Review The term Network Attached Storage or NAS seems rather simplistic and doesn’t really do justice to a device like Promise’s Smartstor NS4600, which comes with four drive bays and a heap of server abilities. Add to this its polished black shell, funky blue lights, built-in power adapter and exquisitely quiet fan, and you’ve got yourself a living-room-friendly storage behemoth.
Promise Smartstor NS4600: a quiet beast, but power hungry
The big button on the front of the NS4600 is a one-touch backup button, not the power button as we thought for the first 10 minutes of using (or not using) the NS4600. The power button hides around the back beside a Gigabit Ethernet port, two USB ports and one eSata port for external hard drives.
Opening the front door reveals the four hot-swappable 3.5in bays, each with a simple plastic caddy that is fixed to a drive using four screws. The caddy system makes drive installation a breeze and also does well at dampening hard drive noise. Being a bare bones system, you’ll need to supply and instal your own drives.
As well as 256MB DDR2 Ram, the Smartstor NS4600 has Intel’s new Tolapai’s system on a chip with an integrated Pentium M CPU inside. There’s support for 32 simultaneous users and all the usual file sharing protocols: SMB, CIFS, NFS, AFP, plus there are FTP, print and web servers on board – php included, but no MySQL support at present.
Smartnavi provides controls for both Macs and PCs
Installing Promise’s Smartnavi application enables control of most functions from a PC. Among other things, it lets you schedule backups of your PCs and start bittorrent downloads.
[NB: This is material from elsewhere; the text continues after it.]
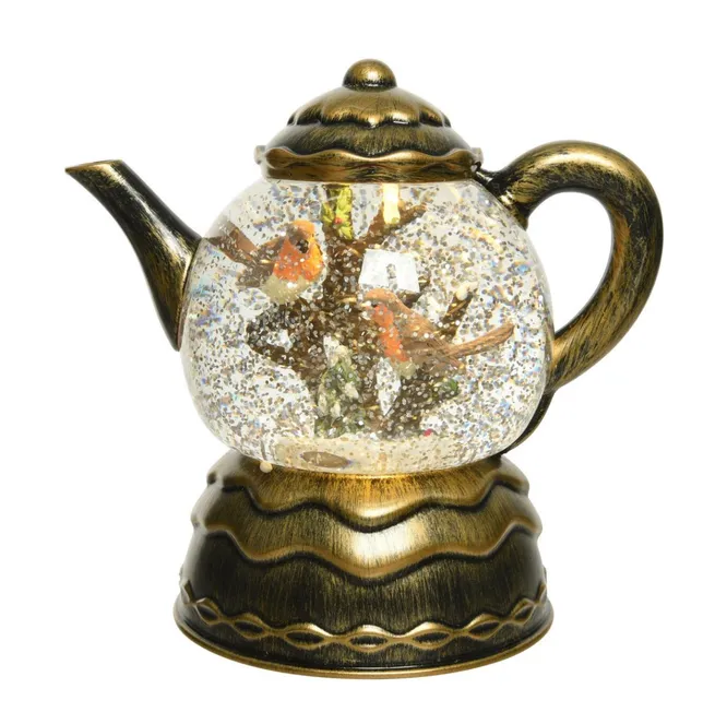 Декоративная композиция изготовлена из пластика, который имитирует стекло и бронзу и представляет собой нарядный чайник, внутри которого расположены фигурки снегирей в зимнем оперении, сидящие на ветках дерева. Прозрачная емкость, являющаяся оригинальной разновидностью классического новогоднего шара, заполнена водой, в которой плавают сотни перламутровых блесток. Под определенным углом они кажутся сверкающим снегом, который окутывает птиц. Благодаря широкому основанию и шару с водой композиция очень устойчива. Ее можно как разместить под нарядно убранной елкой, так и поставить на любую горизонтальную поверхность в качестве новогоднего украшения.

With the latter, you drag and drop the .torrent file onto a “drop zone” – a small icon that floats on the desktop – to get the NS4600 downloading. SmartNavi also works with Macs and is used to integrate the NS4600 with Apple’s Time Machine backup application as well as supporting Bonjour networking to access storage devices and printers.
Firing up a web browser is needed for more in-depth tweaking. The web based interface has a 1990s design, but does display lots of useful information like system temperature – a reasonable 50°C – and SMART hard drive monitoring, while email alerts and Jumbo frames can be also enabled here.
At present, remote file access is achieved by using a DDNS service but, in Q4 of this year, Promise plans to implement a Gatekeeper service so you don’t need to know your broadband’s IP address or setup a DDNS account. Gatekeeper services make remote access much, much easier but, until now, only Lacie has really committed to a free gatekeeper service on its NAS boxes.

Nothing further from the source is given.